Task instructions: Return every entry below exactly as written, minus the pictures.

-=-=-

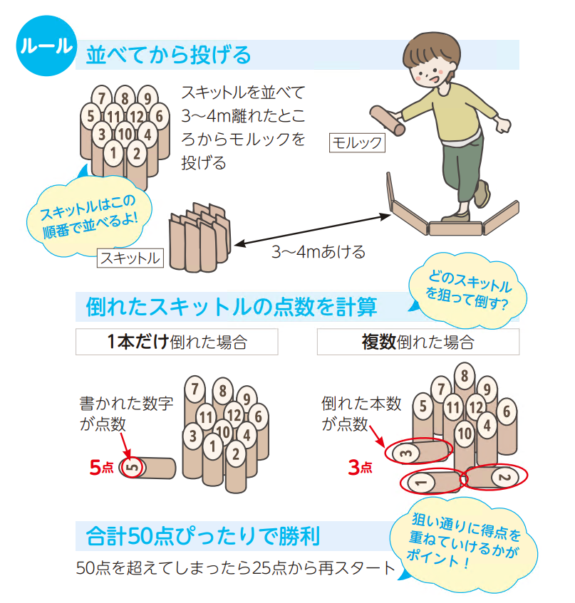 1から12の数字が描かれたスキットル(木製のピン)に、モルック(木製の棒)を当てて得点を競います。ルールはシンプルですが、どのスキットルを狙えばいいのか戦略を考え、狙い通りに得点を重ねていけるかがモルックの面白いところです。
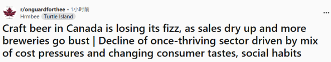代表酿酒企业的行业组织Beer Canada也承认,酒厂数量在2024年略有缩减,并表示近五年来啤酒销量每年下降约2%。不仅是精酿酒厂,大型啤酒商同样面临需求放缓。
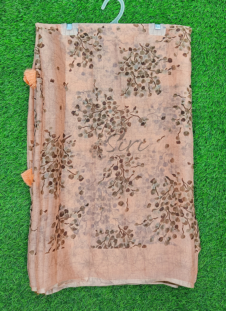 Beautiful Printed Chiffon Saree in Self Lines Texture
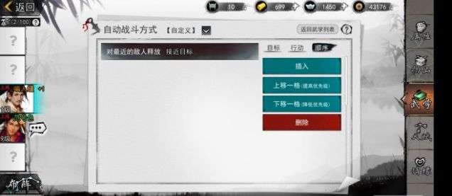 接着点[手动调整]—[顺序]—[删除],把除了[接近目标]之外的武功技能全删了,如下图所示
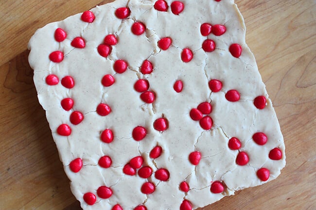 the end result was this 8 x 8" slab of fudge goodness. topped with cinnamon red hots, this fudge tastes like gingerbread Heaven. its rich, sweet, and spiced perfectly with the flavors of homemade gingerbread cookies. it looks a little cracked here because i was anxious to get it out of the pan...and took it out before it was fully set.
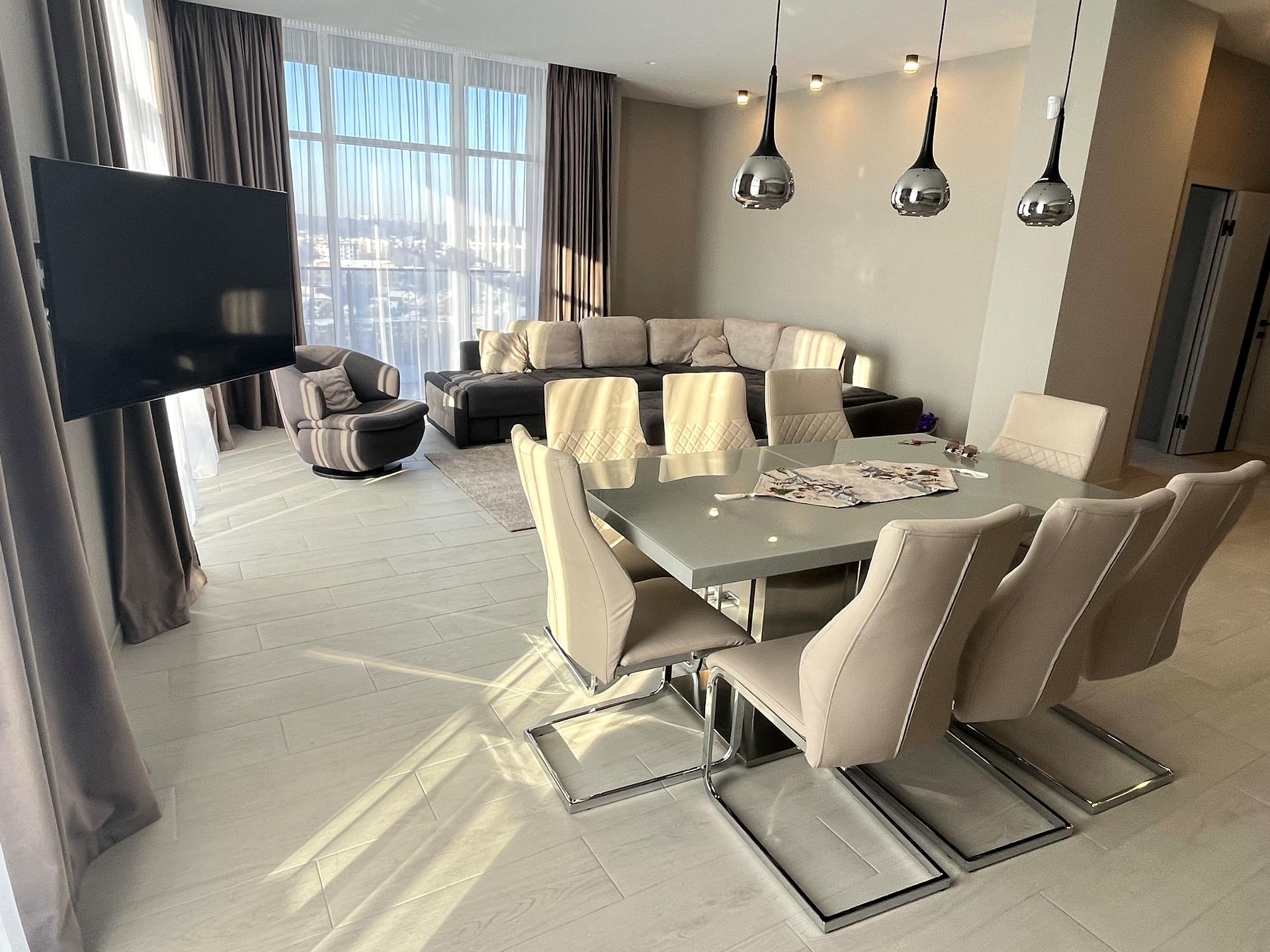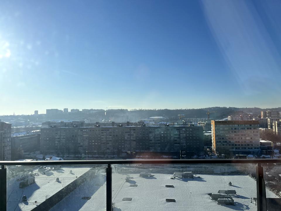 Простора кухня студія з шикарними виглядом з вікон та виходом на балкон та велика спальня.

-=-=-

Solution to the exercise:
 1から12の数字が描かれたスキットル(木製のピン)に、モルック(木製の棒)を当てて得点を競います。ルールはシンプルですが、どのスキットルを狙えばいいのか戦略を考え、狙い通りに得点を重ねていけるかがモルックの面白いところです。
代表酿酒企业的行业组织Beer Canada也承认,酒厂数量在2024年略有缩减,并表示近五年来啤酒销量每年下降约2%。不仅是精酿酒厂,大型啤酒商同样面临需求放缓。
 Beautiful Printed Chiffon Saree in Self Lines Texture
 接着点[手动调整]—[顺序]—[删除],把除了[接近目标]之外的武功技能全删了,如下图所示
 the end result was this 8 x 8" slab of fudge goodness. topped with cinnamon red hots, this fudge tastes like gingerbread Heaven. its rich, sweet, and spiced perfectly with the flavors of homemade gingerbread cookies. it looks a little cracked here because i was anxious to get it out of the pan...and took it out before it was fully set.
 Простора кухня студія з шикарними виглядом з вікон та виходом на балкон та велика спальня.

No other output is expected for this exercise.